Oireachtas Joint and Select Committees

Tuesday, 21 September 2021

Joint Oireachtas Committee on Agriculture, Food and the Marine

Impact of Peat Shortages on the Horticultural Industry: Minister of State at the Department of Housing, Local Government and Heritage

Photo of Joe FlahertyJoe Flaherty (Longford-Westmeath, Fianna Fail) | Oireachtas source

I thank the Minister for coming in. I am aware our peatlands are an important ecosystem. I was lucky enough to grow up in the bog and I am lucky enough to still live on the edge of the bog. I value and appreciate what the bog did for us as a young family when we were growing up. I am appreciative of the people who worked on the bogs of Ireland over the years.

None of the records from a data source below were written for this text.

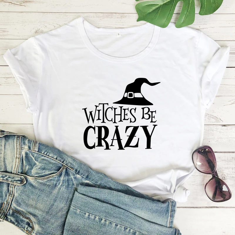 Женская футболка с рисунком ведьмаков Be Crazy, забавная женская футболка, осенняя футболка с коротким рукавом и графическим рисунком, футболка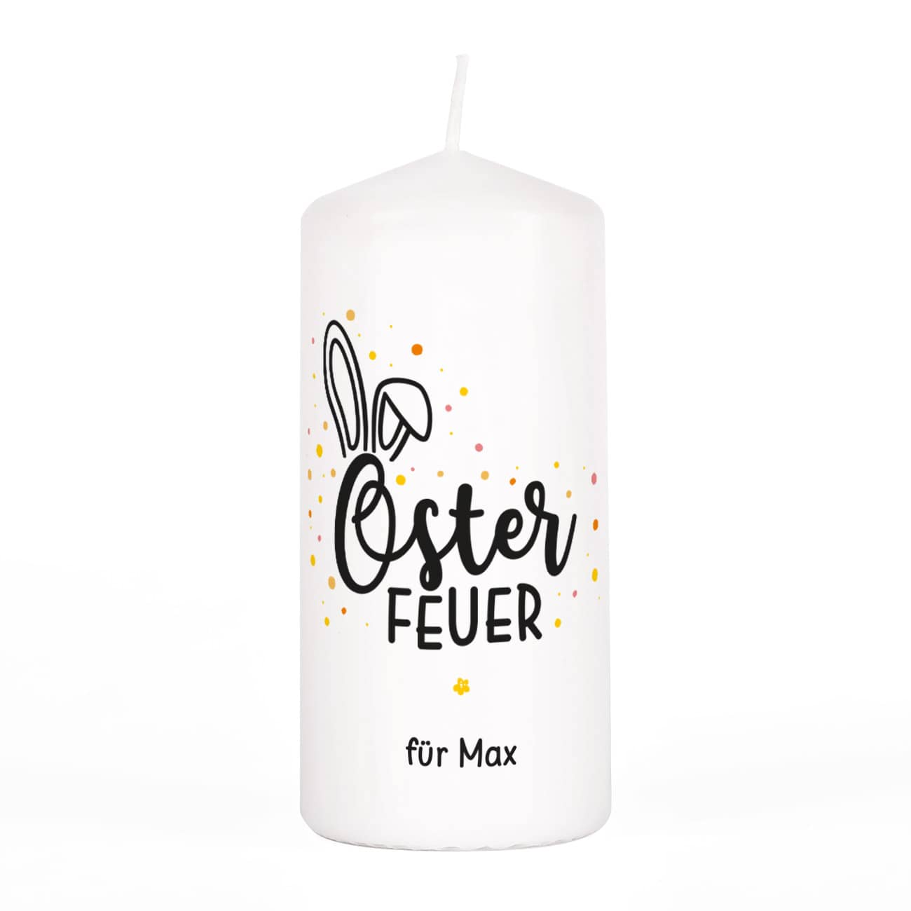 Kerze zu Ostern mit Osterfeuer-Aufdruck und Ihrem Wunschtext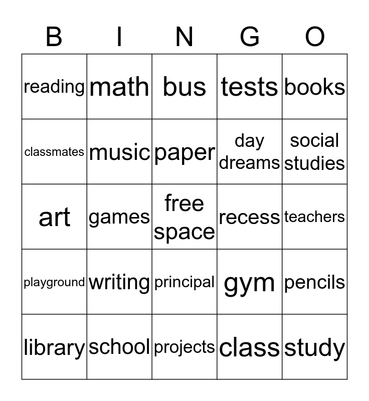 This bingo card has a free space and 24 words: writing, school, paper, library, books, reading, classmates, math, recess, principal, day dreams, art, gym, pencils, music, class, teachers, bus, social studies, games, study, playground, tests and projects.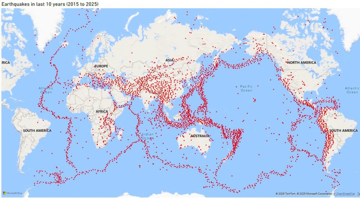 Карта землетрясений за 2015–2025 годы выглядит как сплошное мерцание — тысячи толчков по всей планете

We were warned time and again that we would end up importing peat. We were warned time and again that just transition was going to fail the midlands. My phone was pinging from early this morning. The Irish Timesis not widely circulated in Longford but the story quickly made the rounds. Former Bord na Móna employees and peat producers were aghast to learn of the massive importation of peat into County Louth at the weekend. Some 3,600 tonnes of peat travelled 3,000 km from Latvia. Similar if not better quality peat could have been extracted from bogland no more than ten to 15 miles away and could have been brought on 10 km journeys. We are now being told by Growing Media Ireland, which represents the peat producers, that we are going to need at least two shipments the size of what arrived into the country last Saturday to meet Ireland's peat demands for the foreseeable future. As I say, there is great anger out there, not only with the Department Housing, Local Government and Heritage but also with the Minister for the Environment, Climate and Communications, Deputy Ryan. We have had 11 meetings of the working group at this stage and yet we have seen no actions emanating from the interim report that was submitted in May.

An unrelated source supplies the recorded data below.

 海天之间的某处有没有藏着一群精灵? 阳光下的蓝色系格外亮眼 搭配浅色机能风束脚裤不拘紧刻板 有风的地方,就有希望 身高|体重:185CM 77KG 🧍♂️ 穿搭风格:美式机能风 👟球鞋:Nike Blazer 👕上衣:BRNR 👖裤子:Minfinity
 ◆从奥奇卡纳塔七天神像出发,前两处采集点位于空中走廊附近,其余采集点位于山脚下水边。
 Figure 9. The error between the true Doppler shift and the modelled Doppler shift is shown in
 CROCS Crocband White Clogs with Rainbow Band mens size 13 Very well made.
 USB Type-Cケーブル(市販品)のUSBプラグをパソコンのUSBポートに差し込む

Peat producers are aghast, disillusioned and disappointed. They looked for a fair, equitable and workable licensing system that would have enabled them to extract peat. Everybody within the sector accepts there is a short lifespan left for the sector. As the Minister of State rightly said, that lifespan may end in 2030 or may extend to 2035. I appreciate the Minister of State is only here for a short while but we need to see some message of hope and positivity, and some degree of certainty, going out to these peat producers because the midlands, the heart of Ireland in terms of bogland and energy production over the past 60 years, has lost faith in the just transition process. Bord na Móna and the ESB have ridden roughshod over the region at this stage. It must be said we are rapidly losing faith in the Minister of State's Department and, as I said earlier, in the Minister for Environment, Climate and Communications, Deputy Ryan.

I have three questions to ask before I hand over to my colleagues. What hope can the Minister of State give us today that I can relay to the peat producers, many of whom are logged in and watching his contribution? What reassurance can I give those producers, their families and employees that their sector is not going to be written off, that it is going to get a lifeline that will enable them to continue producing to 2030 or 2035? Will the Minister of State tell us definitively whether there will be a route forward for the sector?

Bord na Móna withdrew its seven applications from An Bord Pleanála at the start of the year, leaving two live applications, both of which are from a local producer, Klasmann Deilmann, which is just up the road from me in Rathowen. There is surely an opportunity there for some of the Department officials to liaise with An Bord Pleanála and to prioritise and, it is hoped, get those two applications over the line to allow the producer to start extracting that peat to try to head off the absolute folly whereby we imported more than 200 truckloads into our country last Saturday, something we are going to repeat twice every month.